By: Kevin Harwell (kharwell) 2020-10-12 14:53:48.003-0500

Please attach associated configuration files (sip.conf, confbridge.conf, etc..), or relevant sections from those.

Also please execute the {{ast_coredumper}} script [1] against the core file and/or running Asterisk at the time, and attach its output here.

Lastly, please attach a full Asterisk log with debug level 5 enabled if possible from an occurrence.

[1] https://wiki.asterisk.org/wiki/display/AST/Getting+a+Backtrace

By: Dennis Haney (CineCine) 2020-10-16 04:57:48.730-0500

We have solved it temporarily by giving the machine 6gig of memory, which is enough to have it survive a single day and can recover during the nightly reboot.
I will attempt to get the above for you with minimal interference sometime next week.

By: Dennis Haney (CineCine) 2020-10-26 10:16:53.213-0500

here is dump from production. I havent had time to repro in test environment

By: Kevin Harwell (kharwell) 2020-10-26 10:30:12.995-0500

Please execute the {{ast_coredumper}} script [1] on the core file, and then attach that output here.

[1] https://wiki.asterisk.org/wiki/display/AST/Getting+a+Backtrace

Thanks!

By: Dennis Haney (CineCine) 2020-10-27 23:25:34.054-0500

What is the problem with the attachment I sent yesterday?

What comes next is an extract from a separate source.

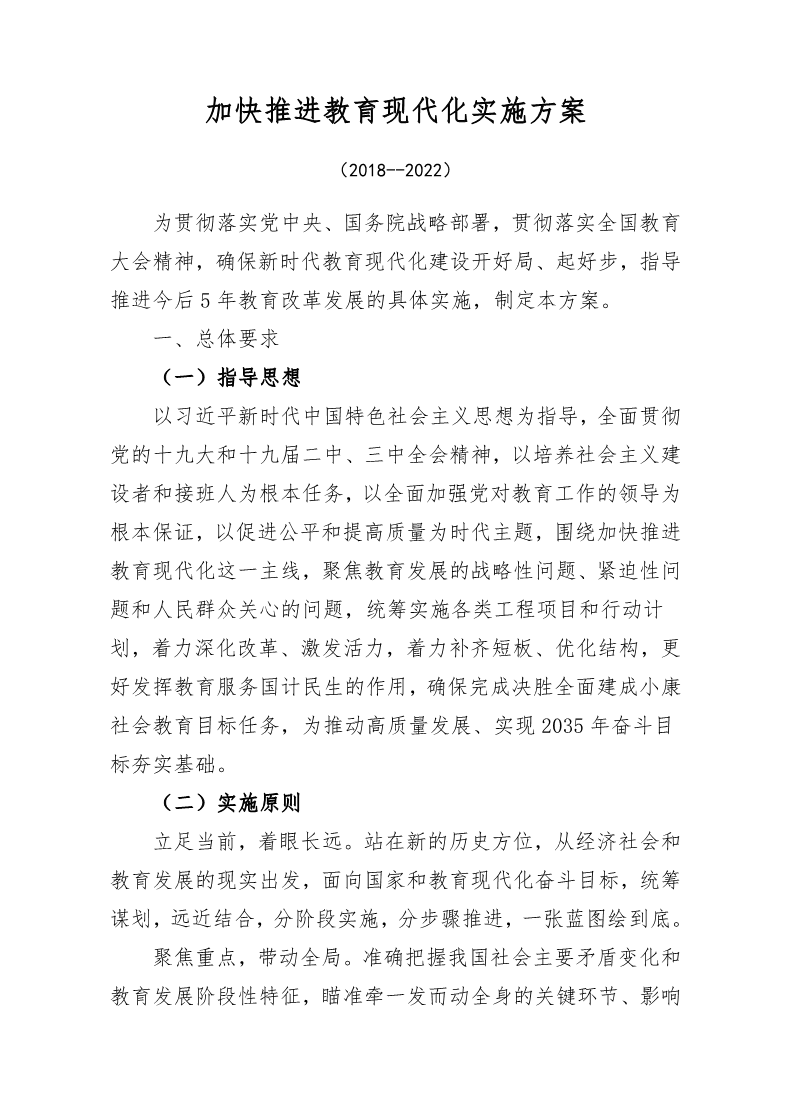 加快推进教育现代化实施方案(2019-2022年)
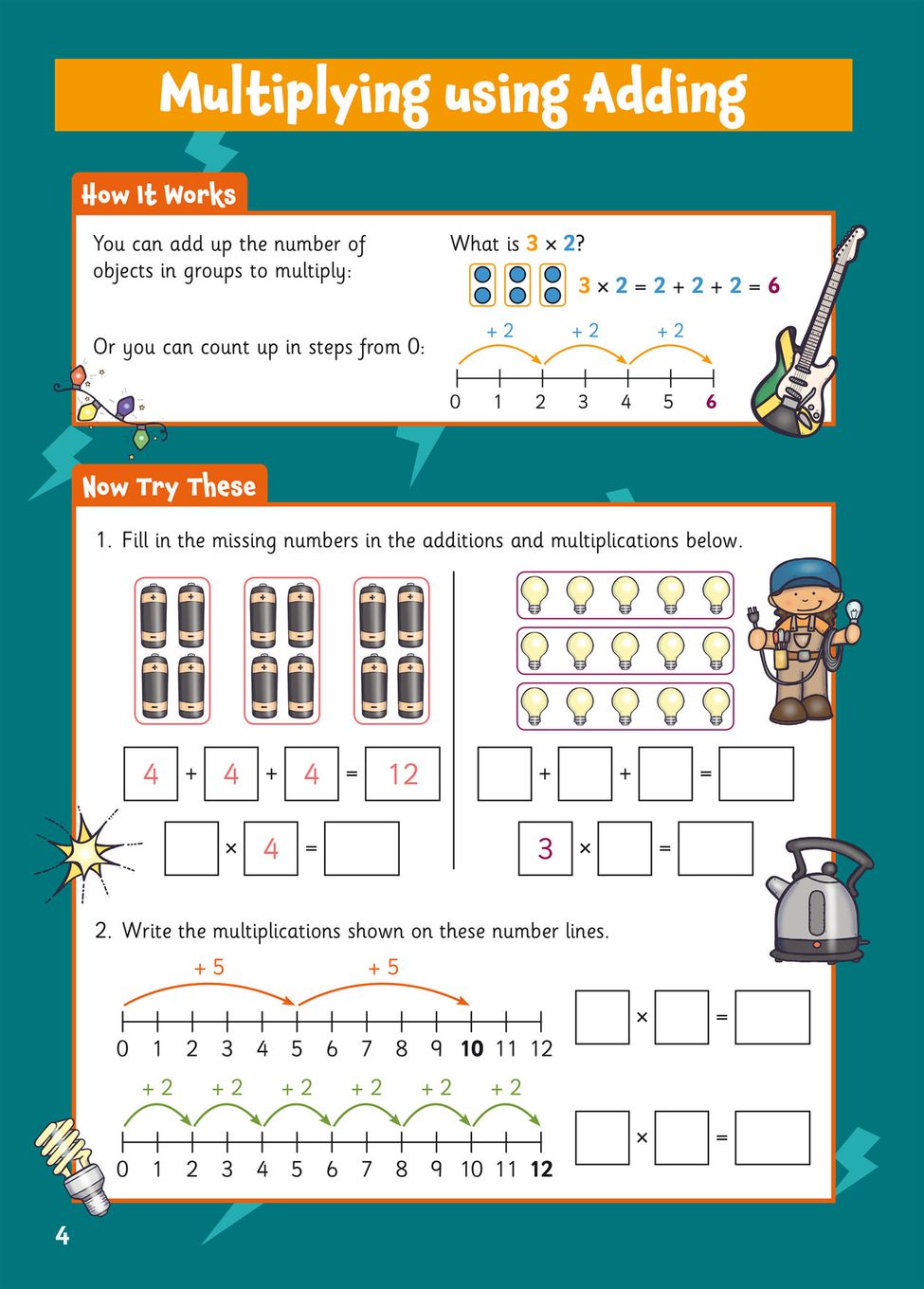 Each page introduces one concept at a time, using pictures and real-world scenarios—torches and batteries, animals in groups—so abstract ideas become concrete. Your child will match additions to multiplications, complete number lines, solve word problems and tackle 'Extra Challenge' puzzles that stretch reasoning without overwhelming. Full answers are included at the back of the book, so you can check work together and quickly address any misunderstandings before they settle.

By: Sean Bright (seanbright) 2020-10-28 09:46:44.321-0500

[~CineCine] - A core file by itself is not sufficient for debugging anything. {{ast_coredumper}} bundles everything up that we need to determine the cause of the crash.

By: Kevin Harwell (kharwell) 2020-10-28 09:52:48.618-0500

The attachment just contains the core file. We cannot make use of that locally without all the backing symbol files. Even then it can be a tricky endeavor to load correctly.

The simplest thing is to use the core file from the system it was produced on. The script will automatically extract information (e.g. backtrace) from the core that could be helpful.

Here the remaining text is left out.